In September, I had a very strong feeling that I'd conceived, and a few very mild pregnancy symptoms, but my period came just a few days late. I was still fairly sure that I'd had at least a chemical pregnancy, even though I never took a pregnancy test.

This month, my period was a week late, and I finally decided to take a test. It was one of the ones that tell you how much time has passed since conception (and yes, I know they're not 100% accurate, but hear me out). I tested positive, but it said I was only 1-2 weeks past conception even though I'm 100% sure it must have been at least 3 weeks.

About an hour after taking the test, I started bleeding pretty heavily-bright red blood and heavier than a normal period, so I'm pretty sure it was an early miscarriage.

I'm beginning to suspect that my progesterone levels are just too low right now to sustain a pregnancy past the first few weeks, because of Ru's nursing.

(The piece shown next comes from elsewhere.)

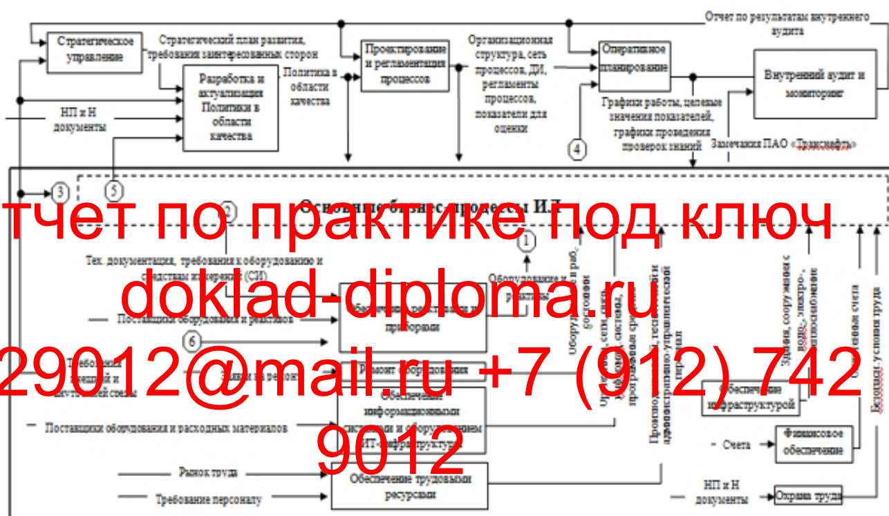
Рисунок 2 – Сеть процессов испытательной лаборатории ОИЯИ

Нами была разработана сеть процессов для Испытательной лаборатории с указанием входов, выходов, основных ресурсов.
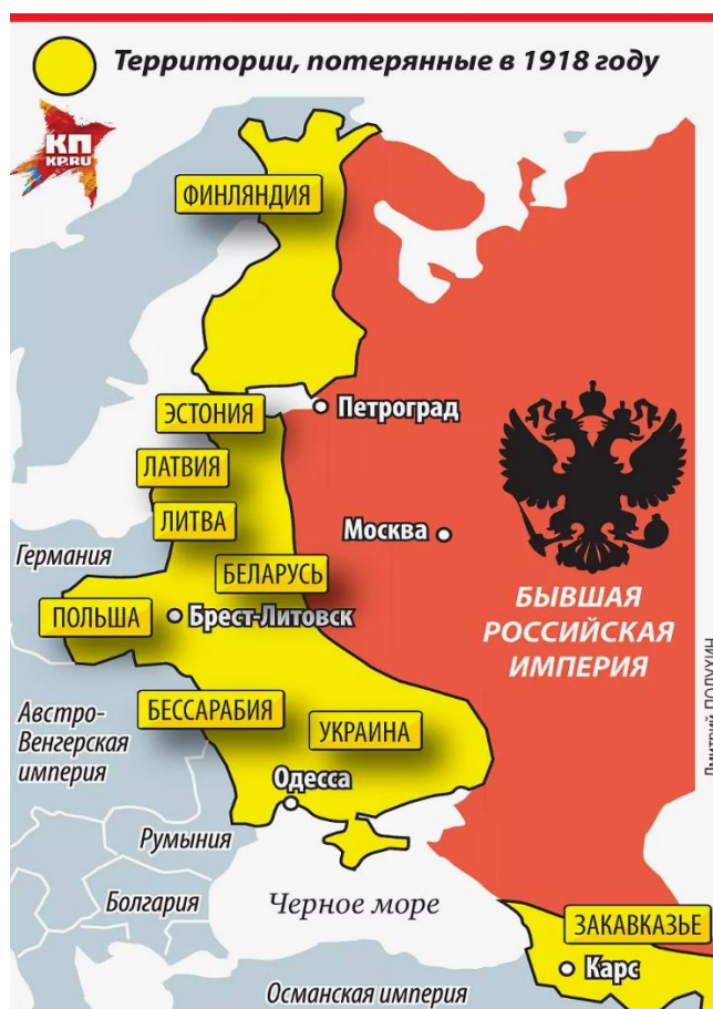
Рис. 1.

Весьма примечателен перечень стран, практически мгновенно признавших итоги Киевского военного переворота 1918 года, устроенного генерал-лейтенантом Русской императорской армии Павлом П. Скоропадским в целях, в том числе, «застолбить» положения Брестского договора — это Германия, Австрия, Турция, Болгария, Грузия, Финляндия и Польша. Надо отдать должное этим странам: они весьма последовательны в своих русофобских предпочтениях. Но какова дырявость памяти России о том!

Low hormone levels would also explain why the test said I was only 1-2 weeks past conception.

Right now, Ru is down to nursing 3 times during the day: morning, naptime, bedtime, but the huge problem is that she nurses constantly, CONSTANTLY at night. We're working on cutting that down; my lovely husband put her in the wrap last night and walked her around every time she asked to nurse, and he plans to do this every night if necessary. I'm feeling terrible about it, somehow-even though I know that she's still getting love and cuddles and that she'll be fine and I can nurse her when she wakes up, I still feel terrible. I know that in traditional co-sleeping cultures toddlers wake up to night-nurse until the age of 3 or 4 and so I can't help feeling that I'm denying my little girl something she needs. Even if she doesn't need it physically because she eats lots, she must somehow need it psychologically or she wouldn't be asking for it. (I'm thinking aloud here-I know I'm not necessarily being logical, and maybe I just need a stern-yet-kindly talking-to.)

On the other hand, I'm in my mid 30s and I also can't wait forever to have a second baby. I don't know whether I should be supplementing with hormones in some way; I live in France where I'm very, very unlikely to find a doctor who is supportive of bf-ing during pregnancy or of tandem nursing. I'm going to see a doctor on Friday anyway, but I'm pretty sure she'll tell me to wean completely. I can't do that. Honestly, if I have to choose between weaning my daughter and never having another child, I don't know which I'll choose.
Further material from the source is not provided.